BookmarkSubscribeRSS Feed
☑ This topic is solved. Need further help from the community? Please sign in and ask a new question.
Zhongda
Fluorite | Level 6

Hi All,

 here is the dataset:

data have;
input Id$ year income;
cards;
1 2000 33
1 2001 71
1 2002 76
1 2003 56
1 2004 56
2 2000 39
2 2001 74
2 2002 36
2 2003 48
2 2004 46
3 2000 34
3 2001 44
3 2002 69
3 2003 49
3 2004 31
4 2000 48
4 2001 38
4 2002 79
4 2003 48
4 2004 70
;
run;

 

and here is the target dataset:

id year income want_lag1_income want_lag2_income
1 2000 33 . .
1 2001 71 33 .
1 2002 76 71 33
1 2003 56 76 71
1 2004 56 56 76
2 2000 39 . .
2 2001 74 39 .
2 2002 36 74 39
2 2003 48 36 74
2 2004 46 48 36
3 2000 34 . .
3 2001 44 34 .
3 2002 69 44 34
3 2003 49 69 44
3 2004 31 49 69
4 2000 48 . .
4 2001 38 48 .
4 2002 79 38 48
4 2003 48 79 38
4 2004 70 48 79

 

Could you please help how to use 

lag function to create a one period lag and two period lag

by a setting group, here I mean by id and year

I would like the lag 1 has 1 missing value for each group and lag 2 has 2 missing value.

 

Thank you so much for the help.

 

1 ACCEPTED SOLUTION

Accepted Solutions
mkeintz
PROC Star

You can take advantage of the BY statement and the IFN function as below:

 

data want;
  set have;
  by id;
  income_lag1=ifn(first.id,.,lag1(income));
  income_lag2=ifn(first.id or lag(first.id),.,lag2(income));
run;

 

 

Now if you have a large number of lags to consider, the IFN functions take on progressively more extensive first arguments.  You can get around that by this structure, in which an n-period lag takes its values from an n-1 period lag:

 

data want;
  set have;
  by id;
  income_lag1=ifn(first.id,.,lag1(income));
  income_lag2=ifn(first.id,.,lag1(income_lag1));
  income_lag3=ifn(first.id,.,lag1(income_lag2));
run;

 

 

Or you can avoid that sequential dependency by dropping the use of the BY ID statement, and comparing ID to n-period lagged values of ID:

 

data want;
  set have;
  income_lag1=ifn(id^=lag1(id),.,lag1(income));
  income_lag2=ifn(id^=lag2(id),.,lag2(income));
  income_lag3=ifn(id^=lag3(id),.,lag3(income));
run;

 

 

 

 

--------------------------
The hash OUTPUT method will overwrite a SAS data set, but not append.

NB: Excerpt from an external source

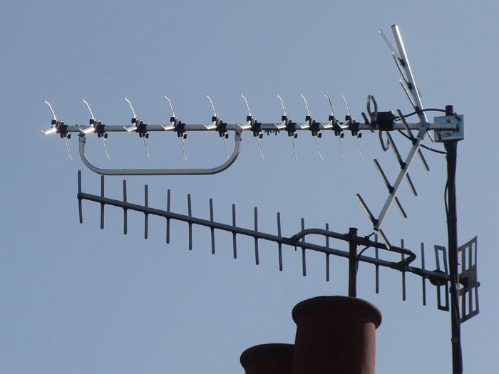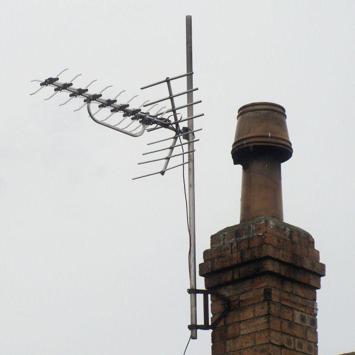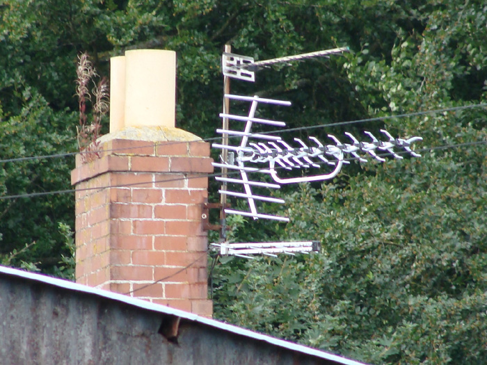 Aerial Photography - DIY Gallery Now we come to a bizarre phenomenon of our times which is spreading like wildfire across the UK. These are just a few of the examples I have seen myself or have been sent. The thing under these aerials that is shaped like bike handlebars is called a ‘cradle’ or ‘support arm’. The mast should be fixed to the approximate midpoint of the cradle, and the aerial fixed to the cradle. If the boom has a join in the cradle should straddle it. This gives a strong, secure, and balanced mounting. The force of the wind has far less twisting effect on the mast than if the aerial is end mounted. For some mysterious reason an awful lot of DIY installers are end-mounting the aerial and pointlessly fitting the cradle as well. The instructions for the aerials bought by DIYers can be misleading, as can the catalogue illustrations. At the time of writing the Argos website shows the 'Gold High Gain Outdoor Aerial' mounted this way. The sheer number of these installations makes me realise just how many aerials are sold to DIYers. What a pity that all the aerials are wideband when in many cases a grouped one is the correct choice, and that so many of these quite large and ugly things are going up in places where a small ten element array would work as well or better. People obviously don’t realise that the cost of all the bits and pieces at the DIY shed can approach the ‘supply and install’ price of a good local aerial installer.
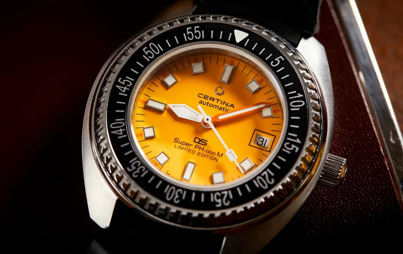 Certina DS Super PH1000M OrangeDiameter: 43.5mmWaterproof: 1000mMovement: Powermatic 80Power reserve: 80 hoursExtra: Limited to 1000 piecesPrice: 900 CHF

That can be costly. Consider voting for Add a HASH object method which would append a hash object to an existing SAS data set

Would enabling PROC SORT to simultaneously output multiple datasets be useful? Then vote for
Allow PROC SORT to output multiple datasets

--------------------------

View solution in original post

6 REPLIES 6
Zhongda
Fluorite | Level 6
Warren, Thank you so much for pointing out this, this helps me alot.
ballardw
Super User

The lag part is easy, just call the function. The complicated part of your request, and not very, is the conditional requirement to set some values missing.

One way:

The BY statement means that SAS will set automatic variables First.<by variable> and Last.<by variable> which indicate whether the current observation is the first or last of a by group. These automatic variables are not added to the data set, are numeric 1/0 for true/false. These can be used the aid any of the conditional code to execute when needed. In this case we use it reset a counter variable that is Retained so the value is kept across iterations of the data step. So we know if the current observation is the first, second (or third or ...). Then based on that counter we can conditionally set values to missing. I use the Call Missing function because that function will work with multiple variables and mixed numeric or character variables if needed to set the values to the missing condition.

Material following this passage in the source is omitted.